-- WHAT TO PRODUCE --
All records below are to be transcribed exactly, with every picture left out.

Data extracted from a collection

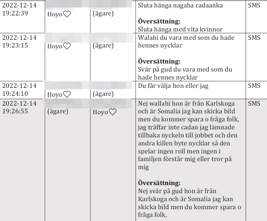 Det är i december 2022 som Mohamedamin Abdirisek Ibrahim, till vardags kallad Amin Abdirisek, får ett SMS från sin mamma. SMS:et är skrivet på en blandning mellan svenska och somaliska, och uppmanar den 20-årige sonen att sluta umgås med ”vita kvinnor” – ”nagaha cadaanka” på somaliska.
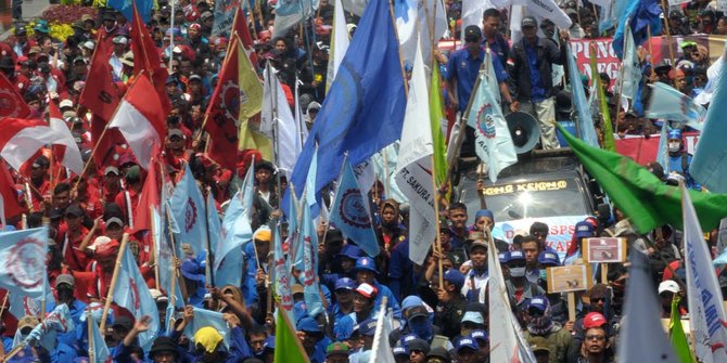 Salah satu tuntutan mereka adalah menolak Peraturan Presiden (Perpres) Nomor 20 Tahun 2018 tentang Penggunaan Tenaga Kerja Asing (TKA). “Satu kata untuk Perpres 20 adalah…,” tanya salah satu orator, Nur Waluyo.
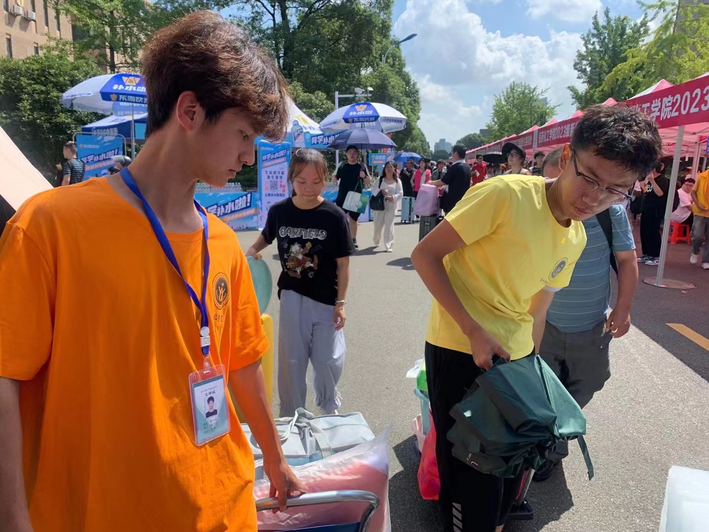 此次学院迎新队伍主要由学生党员,团学会干部以及志愿者们组成,他们分别身着红色、橙色和黄色的志愿服装,辛勤忙碌在迎新的一线,为新生和家长们提供“一对一”服务,帮助新生运送行李,指引路线、办理手续、维持秩序……迎新场上的那抹红、那抹橙和那抹黄,组成了一道道亮丽的风景线,他们用最饱满的热情、最温暖的笑容,让新生感受到来自学院大家庭的浓浓爱意。新生们用学院提前准备好的姓名贴拼成的“参天绿树”创意留影区,则营造了轻松愉悦的迎新氛围,寓意全体新生向阳而生,逐光而行。
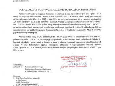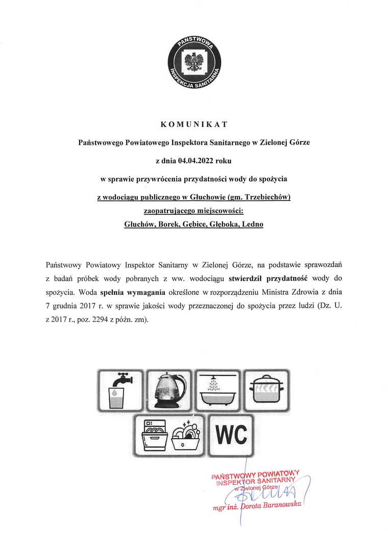 Komunikat z dn. 04.04.2022 w sprawie przywrócenia przydatności wody do spożycia z wodociągu publicznego w Głuchowie
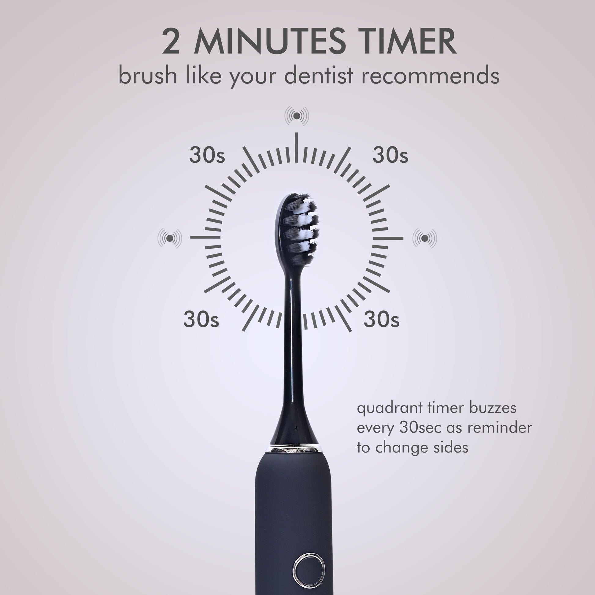 Transform your daily oral care routine with this advanced smart electric toothbrush featuring 5 specialised cleaning modes - Clean, White, Polish, Milder, and Sensitive. The powerful sonic motor delivers 40,000 VPM for effective plaque removal and whitening, while 3 adjustable strength settings (Softer, Standard, Powerful) let you personalise your brushing experience. Perfect for all users, from beginners to those with sensitive gums. The 30-second reminder helps maintain proper brushing zones, while the IPX7 waterproof rating ensures safe use in wet conditions.
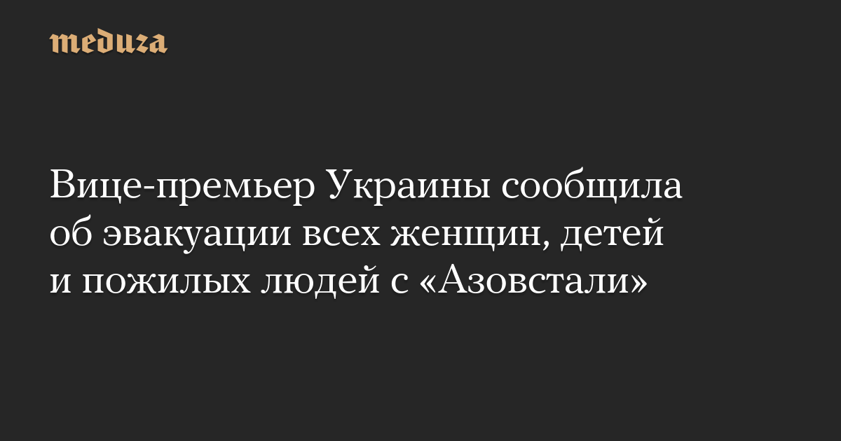 Вице-премьер Украины сообщила об эвакуации всех женщин, детей и пожилых людей с «Азовстали»
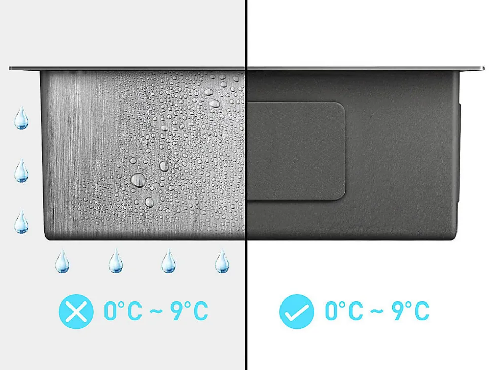 - Robustesse et immuabilité de l’acier inoxydable, Fond en pente diamant pour une évacuation optimale, Couche anti-condensation avec isolation phonique, 3 installations possibles : sur plan », » sous plan ou à fleur de plan, Finition satinée qui masque les traces
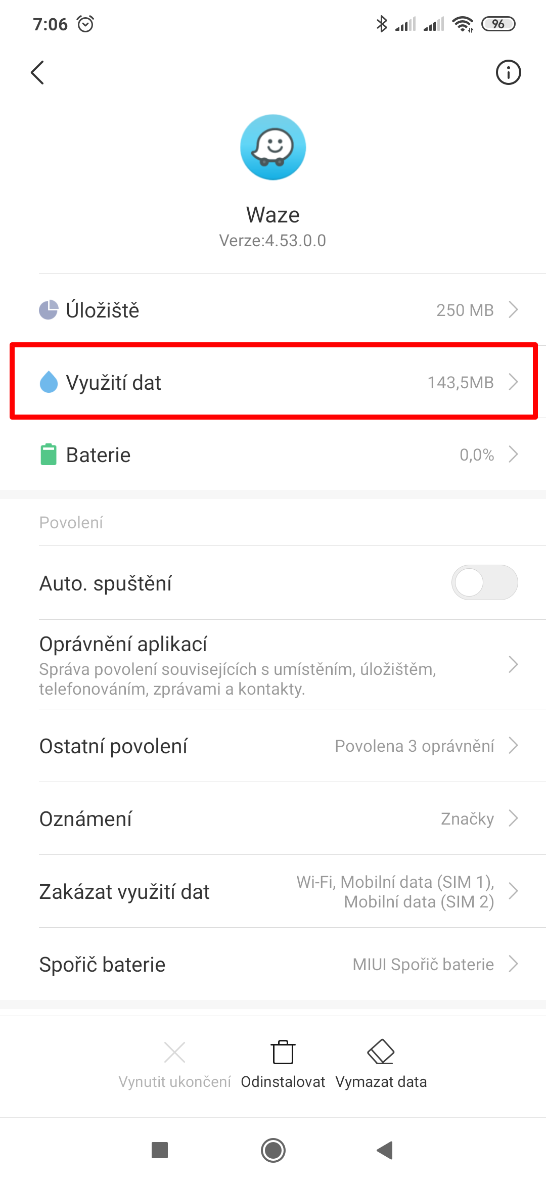 Jestliže vám některá aplikace přenáší příliš velké objemy dat, můžete jí přístup k internetu omezit nebo třeba úplně zakázat. Správa nainstalovaných aplikací v nadstavbě MIUI nabízí v tomto směru nadstandardní možnosti.
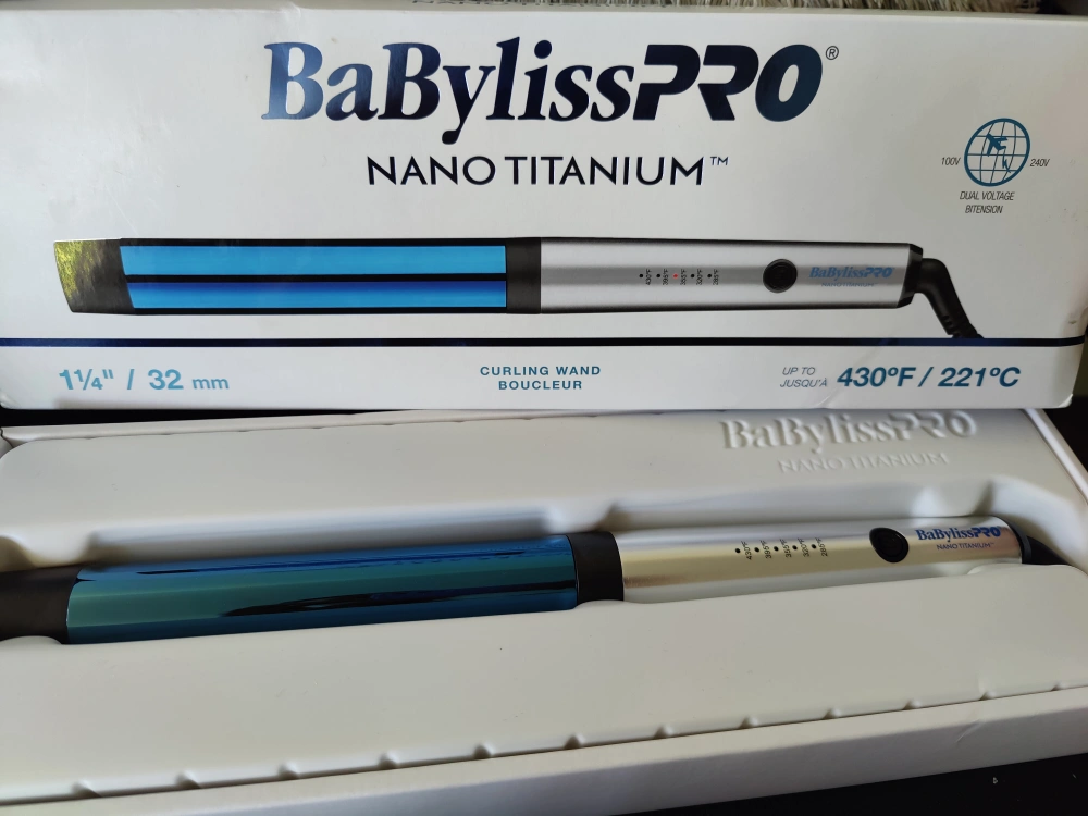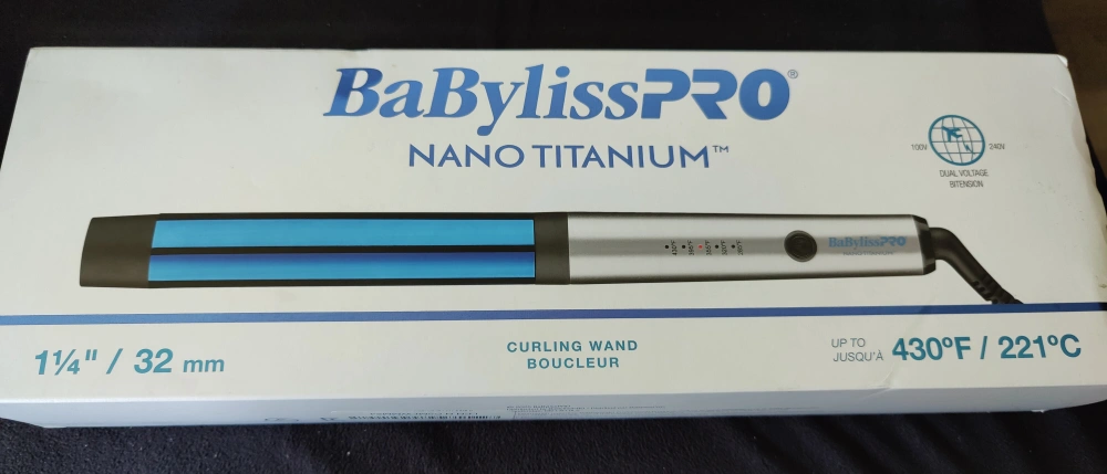 Selling a BaBylissPRO Nano Titanium curling wand. It's 1 1/4" / 32 mm and heats up to 430°F / 221°C. It has dual voltage for international use. Comes with the original box

-- TASK OUTPUT --
 Det är i december 2022 som Mohamedamin Abdirisek Ibrahim, till vardags kallad Amin Abdirisek, får ett SMS från sin mamma. SMS:et är skrivet på en blandning mellan svenska och somaliska, och uppmanar den 20-årige sonen att sluta umgås med ”vita kvinnor” – ”nagaha cadaanka” på somaliska.
 Salah satu tuntutan mereka adalah menolak Peraturan Presiden (Perpres) Nomor 20 Tahun 2018 tentang Penggunaan Tenaga Kerja Asing (TKA). “Satu kata untuk Perpres 20 adalah…,” tanya salah satu orator, Nur Waluyo.
 此次学院迎新队伍主要由学生党员,团学会干部以及志愿者们组成,他们分别身着红色、橙色和黄色的志愿服装,辛勤忙碌在迎新的一线,为新生和家长们提供“一对一”服务,帮助新生运送行李,指引路线、办理手续、维持秩序……迎新场上的那抹红、那抹橙和那抹黄,组成了一道道亮丽的风景线,他们用最饱满的热情、最温暖的笑容,让新生感受到来自学院大家庭的浓浓爱意。新生们用学院提前准备好的姓名贴拼成的“参天绿树”创意留影区,则营造了轻松愉悦的迎新氛围,寓意全体新生向阳而生,逐光而行。
 Komunikat z dn. 04.04.2022 w sprawie przywrócenia przydatności wody do spożycia z wodociągu publicznego w Głuchowie
 Transform your daily oral care routine with this advanced smart electric toothbrush featuring 5 specialised cleaning modes - Clean, White, Polish, Milder, and Sensitive. The powerful sonic motor delivers 40,000 VPM for effective plaque removal and whitening, while 3 adjustable strength settings (Softer, Standard, Powerful) let you personalise your brushing experience. Perfect for all users, from beginners to those with sensitive gums. The 30-second reminder helps maintain proper brushing zones, while the IPX7 waterproof rating ensures safe use in wet conditions.
 Вице-премьер Украины сообщила об эвакуации всех женщин, детей и пожилых людей с «Азовстали»
 - Robustesse et immuabilité de l’acier inoxydable, Fond en pente diamant pour une évacuation optimale, Couche anti-condensation avec isolation phonique, 3 installations possibles : sur plan », » sous plan ou à fleur de plan, Finition satinée qui masque les traces
 Jestliže vám některá aplikace přenáší příliš velké objemy dat, můžete jí přístup k internetu omezit nebo třeba úplně zakázat. Správa nainstalovaných aplikací v nadstavbě MIUI nabízí v tomto směru nadstandardní možnosti.
 Selling a BaBylissPRO Nano Titanium curling wand. It's 1 1/4" / 32 mm and heats up to 430°F / 221°C. It has dual voltage for international use. Comes with the original box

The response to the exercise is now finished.